In the beginning, there was YouTube. Then, a little later, there was Zoë Sugg, a young woman with a dream. When those two things merged, they formed Zoella, vlogger extraordinaire, lover of all things “Beauty, Fashion, & Life.” Next came fame and fortune and millions of YouTube subscribers and Twitter followers. Finally, last month, Zoella’s new novel arrived. It is titled Girl Online, and now it’s the fastest-selling debut novel of all time.
But! Last weekend, Sugg’s publisher, Penguin Random House, admitted that the novel was “factually” not written by Sugg. “To be factually accurate you would need to say Zoe Sugg did not write the book Girl Online on her own,” they said. Then, on Twitter, Sugg, admitted that the novel was ghostwritten by committee. And not just a little bit ghostwritten. The entire thing, as it turns out, was ghostwritten, except for the ideas for the characters and the story. Here is Sugg’s “confession”:
Thanks for all the positive feedback about Girl Online and for the doubters out there, of course I was going to have help from Penguin’s editorial team in telling my story, which I talked about from the beginning. Everyone needs help when they try something new. The story and the characters of Girl Online are mine. I want to thank all of you who have taken time to support the book.

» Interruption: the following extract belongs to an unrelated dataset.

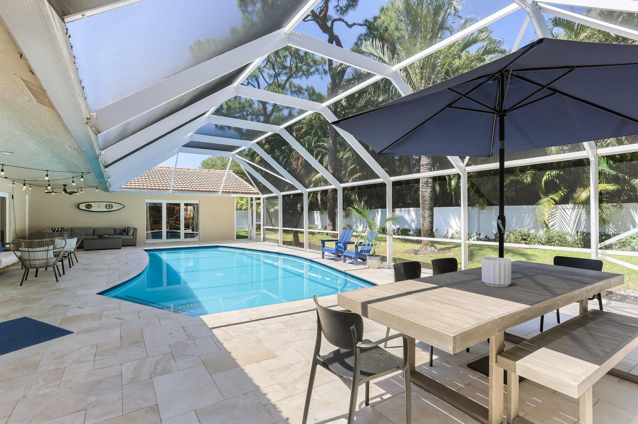 Located in the highly sought-after gated community of Estancia, this charming and meticulously maintained 4-bedroom, 2.5-bathroom home with a 2-car garage offers comfort, privacy, and a prime central Boca Raton location. Positioned on a quiet interior lot, the property offers added seclusion. Step inside to a freshly painted interior with new luxury vinyl flooring, refinished marble floors, LED lighting, plantation shutters, and built-in closets throughout. The expansive primary suite features a walk-in closet, additional closet space, dual vanity sinks, and a glass-enclosed shower. Enjoy outdoor living with a screen-enclosed marble patio, heated refinished pool w/ safety gate, and fenced yard. Impact windows and impact french doors, roof 2014, A/Cs 2020 & 2021, and hot water heaters 202

And so Sugg shrugged off the problem (or so it seemed). “Everyone needs help when they try something new,” she says, as if writing a novel is like inviting your friends over to help you put together an Ikea bed.
Now, as of yesterday afternoon, Zoella has taken leave of the Internet because, as she says, “It is clouding up my brain”:
Bare with me on vlogmas. I’m taking a few days out and off the internet because it’s clouding up my brain. Thanks for understanding .❤️
If you’re like me, you had to read this tweet multiple times in order to realize that vlogmas is not a Greek Orthodox holiday but rather a triple portmanteau: video + blogger + Christmas.
So what’s the takeaway from this would-be tragedy? I can pretty much guarantee you that there is no scandal here. For one, Zoella probably wanted a vacation from the Internet. She just wrote a novel by committee. And her followers, who are overwhelmingly young, have no idea that novels aren’t usually written by a board of money-grubbing editors-cum-marketers with no regard for the written word. They simply do not give a shit.
Let’s take the example of the Kylie and Kendall Jenner. Not only was their debut novel, with its double-colon title — Rebels: City of Indra: The Story of Lex and Livia — almost certainly ghostwritten, but we already know that it was written by two people.
Does this state of affairs suggest a future where novels are written by committee, or where no one cares if two or more people write a novel? Is this the death of the cult of genius? The Foucauldian death of the author? Or is it the height of exploitation, of a trickle-down publishing economy that splashes ghostwriters in the face with pennies?
I strongly doubt that the case of Zoella, again, pseudo-author of the fastest selling debut novel of all time, will amount to much more than a footnote in publishing or literary history. It’s simply a function of branding. Zoella’s base was already tethered to the idea of Zoella as the star or the actor of a production — not as its author. When Zoella publishes a novel, in other words, it only matters that it came, in some way, from her thoughts, or appears to, the way that things can come from an actor’s thoughts (the script). Girl Online, then, is just a bit of merchandising, like a Star Wars figurine.